◆ DIRECTIONS FOR THIS TASK:
What you return must match the listing below line for line, minus its pictures.

◆ INPUT DATA:
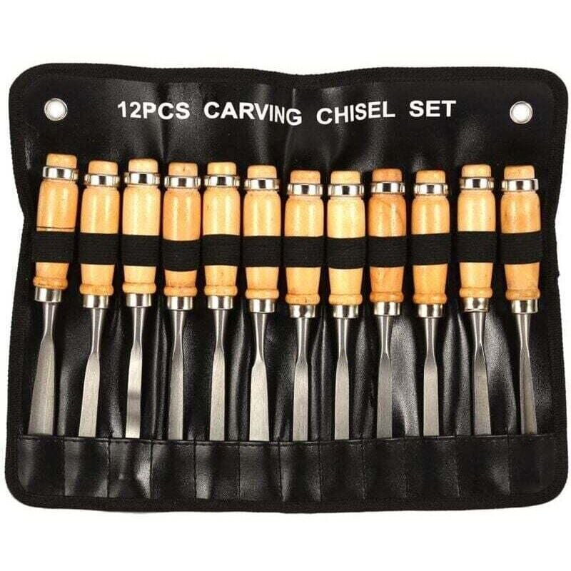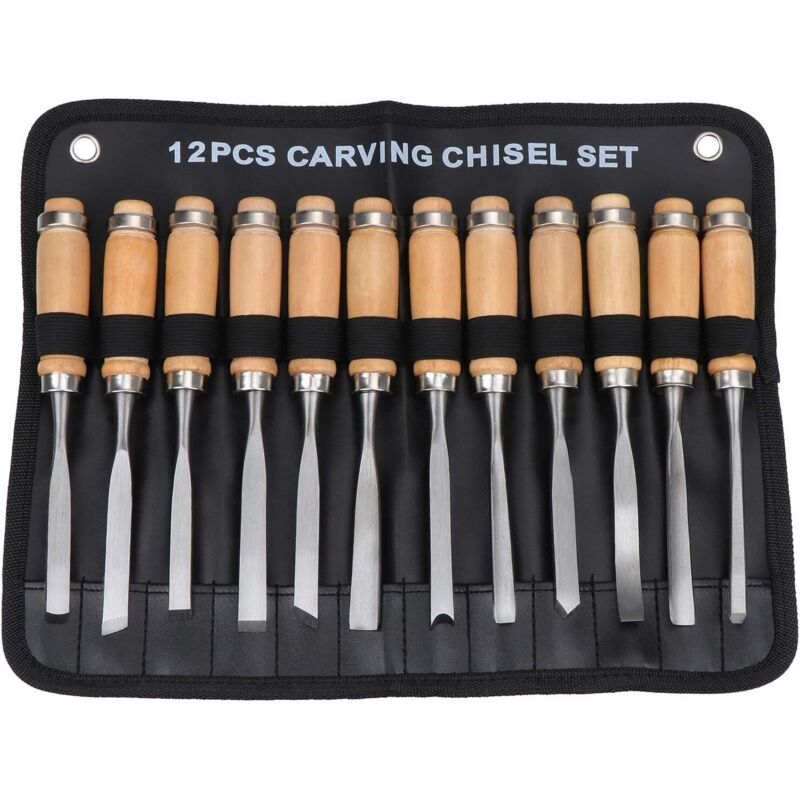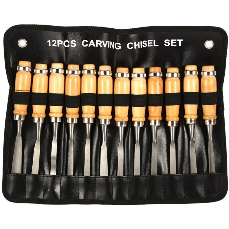 SucceBuy 12 pièces sculpture sur bois main ciseau ensemble tour couteau bricolage tournant travail du bois Gouges professionnelles artisanat du bois menuiserie outils
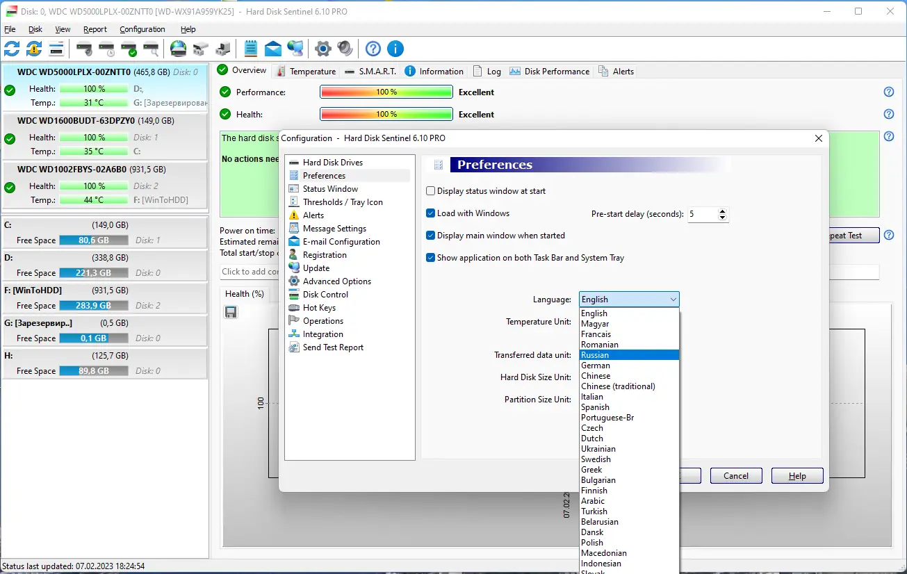После запуска программа автоматически определяет все подключенные накопители и отображает их статус в основном окне. Пользователь может просматривать детализированные параметры каждого диска: модель, объём буфера, ревизию прошивки, режим передачи данных. Для смены языка интерфейса необходимо перейти в меню Configuration → Preferences и выбрать нужный язык в строке Language. Программа поддерживает русский и множество других языков. В настройках доступно управление уведомлениями, планирование тестов, ведение логов и настройка автозапуска. Информация о температуре может выводиться в системную панель, а при её повышении — запускаться предупреждение или даже завершение работы ПК.
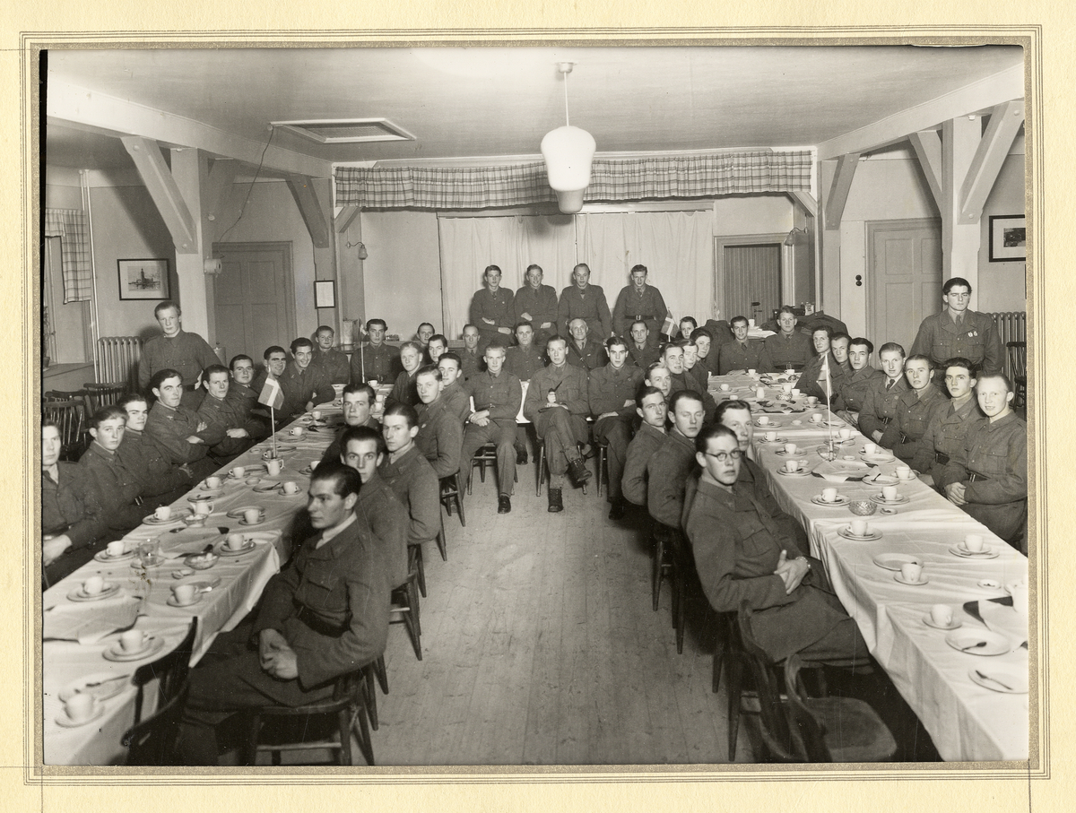 Kaffe på I 11, 1940-tal. Ett antal meniga har slagit sig ner runt borden.

◆ PROBLEM SOLUTION:
 SucceBuy 12 pièces sculpture sur bois main ciseau ensemble tour couteau bricolage tournant travail du bois Gouges professionnelles artisanat du bois menuiserie outils
После запуска программа автоматически определяет все подключенные накопители и отображает их статус в основном окне. Пользователь может просматривать детализированные параметры каждого диска: модель, объём буфера, ревизию прошивки, режим передачи данных. Для смены языка интерфейса необходимо перейти в меню Configuration → Preferences и выбрать нужный язык в строке Language. Программа поддерживает русский и множество других языков. В настройках доступно управление уведомлениями, планирование тестов, ведение логов и настройка автозапуска. Информация о температуре может выводиться в системную панель, а при её повышении — запускаться предупреждение или даже завершение работы ПК.
 Kaffe på I 11, 1940-tal. Ett antal meniga har slagit sig ner runt borden.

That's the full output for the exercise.